Они привезли меня в Байи; в эту июльскую жару переезд был ужасен; но возле моря мне дышится легче. Волна набегает на берег с ласковым шорохом; я еще могу наслаждаться долгими розовыми вечерами. Но эти таблички я постоянно держу лишь для того, чтобы чем-то занять свои руки, которые все время возбужденно шевелятся вопреки моей воле. Я послал за Антонином, гонец во весь опор помчался в Рим. Стук копыт Борисфена, галоп Фракийского Всадника… Маленькая кучка близких друзей собралась у моего изголовья.

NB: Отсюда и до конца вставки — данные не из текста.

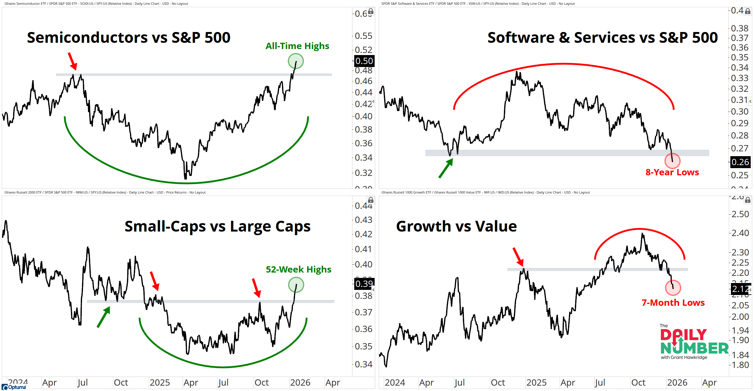 The top-left panel shows Semiconductors relative to the S&P 500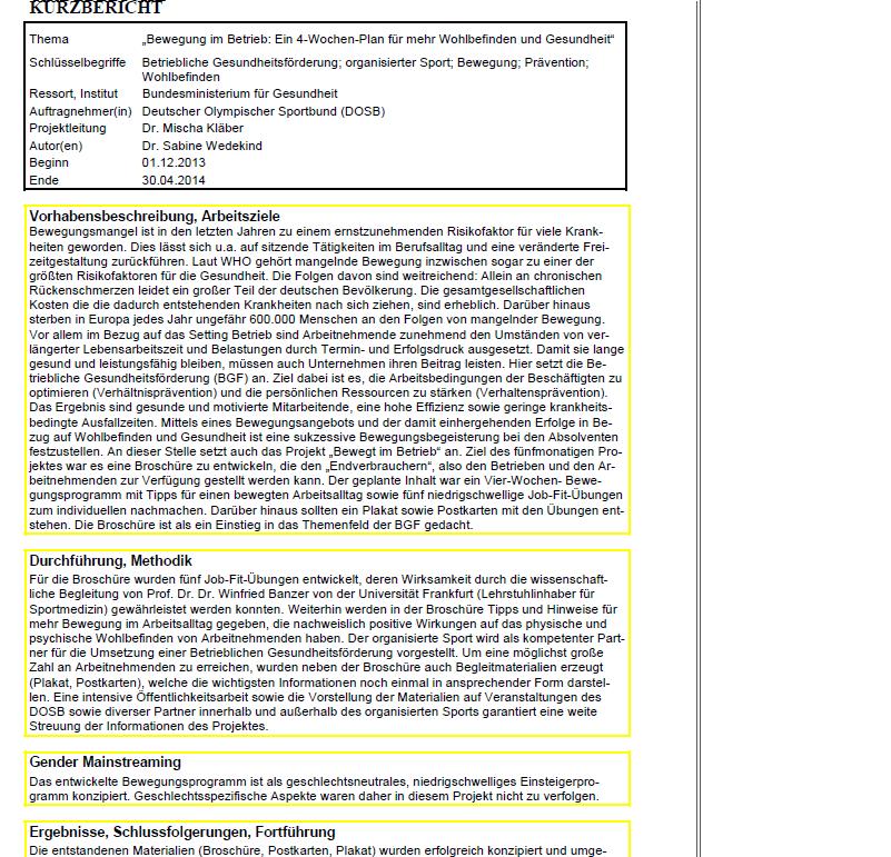 Ein Vier-Wochen-Bewegungsprogramm für mehr Wohlbefinden und Gesundheit am Arbeitsplatz bietet die durch das Bundesministerium für Gesundheit unterstützte Broschüre „Bewegt im Betrieb“ des Deutschen Olympischen Sportbund.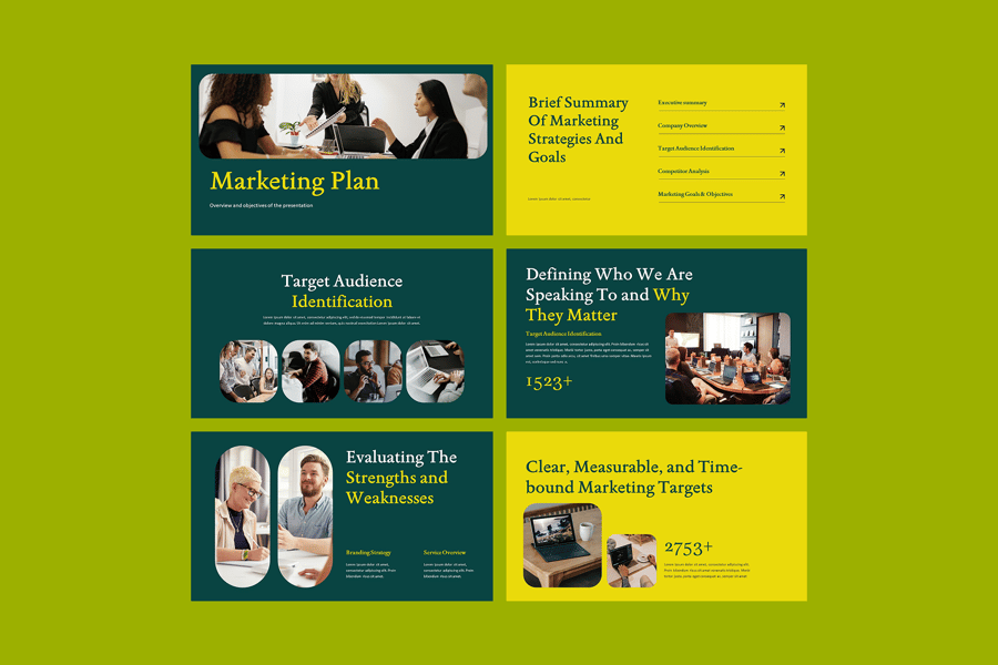 此模板采用现代专业的设计,搭配均衡的排版和动态信息图,让您的演示文稿既赏心悦目又易于理解。利用可自定义的图表、示意图和图片占位符,突出展示市场调研、社交媒体计划和广告效果,助您打造引人入胜、以结果为导向的营销计划,从而推动业务增长。适用于营销策略、数字营销、营销提案、营销演示、商业计划、营销演示文稿、品牌策略、活动策划、营销报告和社交媒体营销等领域。

Хабрий вызывает во мне жалость: слезы плохо сочетаются с морщинами стариков. Прекрасное лицо Целера, как всегда, на удивление спокойно; он старается ухаживать за мной так, чтобы ни одно лишнее движение не потревожило меня. Но Диотим рыдает, уткнувшись головою в подушки. Я обеспечил его будущее: он не любит Италии и после моей смерти сможет осуществить свою мечту — вернуться в Гадару и открыть вместе с другом школу красноречия. С моей смертью он ничего не теряет, и, однако, худое плечо судорожно дергается под складками туники; я ощущаю под пальцами восхитительные слезы. Адриана до самого конца будут любить как человека.